In #77 you make a stronger statement: “Lenski's experiments and observing beneficial mutations in nature demonstrates that beneficial mutations degrade genetic information at a much faster rate than they add information”. This is discussed in the Wikipedia reference to Lenski’s experiments and the conclusion isn’t clear. Lenski himself says (quoted in #10): “"Behe points to many examples of evolution in which genes and their functions have been degraded, but he largely ignores the ways that evolution generates new functions and thereby produces complexity.”

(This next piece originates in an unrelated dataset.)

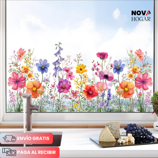3x1 FloraVis™ Hermoso Adhesivo Electroestático Floral para Ventanas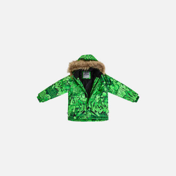 Bērnu ūdens un vēja necaurlaidīga jaka. Gaisu caurlaidīgs virsējais audums. Mīksta jakas odere. Noņemamā kapuce pie apkakles stiprināma ar velkro aizdari. Piedurknēs un kapucē iestrādāta gumijas apdare. Priekšpusē apšūta rāvējslēdzēja aizdare. Priekšpusē kabatas. Kapucei mākslīgās kažokādas mala. Auduma virspusē atstarojošas detaļas.

I think it is interesting that in your quote Lenski does not contradict any of Behe's conclusions.
Lenski even has to qualify 'ignores' with 'largely' because Behe does in fact address the infrequent instances where adds and substitutions did occur. However, I am unaware of any case where Lenski's experiments resulted in any coordinated adds and/or substitutions.
I would love to see any examples of coordinated adds or substitutions.

Issue 5. Burden of proof
You have now and then asked for evidence for my position which I haven’t tried to give because the discussion is about your view. You have the burden of proof.

I disagree...
Your primary premise makes a huge unverified presumption regarding the capability of RANDOM mutation.

Every empirically observed example of RANDOM mutation that we have discussed so far is inconsistent with the unverified presumptions that are required for RANDOM mutation to generate the changes we see in the fossil record and in the DNA of life today.

Therefore, the burden of proof is upon those who assert a capability for RANDOM mutation that is inconsistent with the empirically observable examples of RANDOM mutation in nature and in the lab.

If RANDOM mutation is truly a capable cause then there should be millions of empirically observed examples to demonstrate the capability of RANDOM mutation.
I just want to see some empirically observable examples.

[Nils]

Happy New Year to you too!

You discuss Issue 1 so let’s concentrate on that.
I wrote:
“Issue 1. The malaria case.
You mention often the malaria case where two non-beneficial mutations is needed to provide resistance to chloroquine. From that you (following Behe) argue that if four or more non-beneficial mutations is needed to get a function the probability would be so low that it is virtual impossible that it would ever happen. That is correct but the problem with the argument is that yours (and Behe’s) conclusion “that six coordinated mutations exceeds the capability of the number of life forms that have ever existed on this planet.” (for instance #69 and #77)) doesn’t follow. Perhaps there was a typing error, that you intended to write “coordinated non-beneficial mutations”. Then it were correct but as the evolution theory is about how the evolution is done in small steps by beneficial mutations your conclusion is irrelevant. Why then do you bring up the malaria example again and again and again?.”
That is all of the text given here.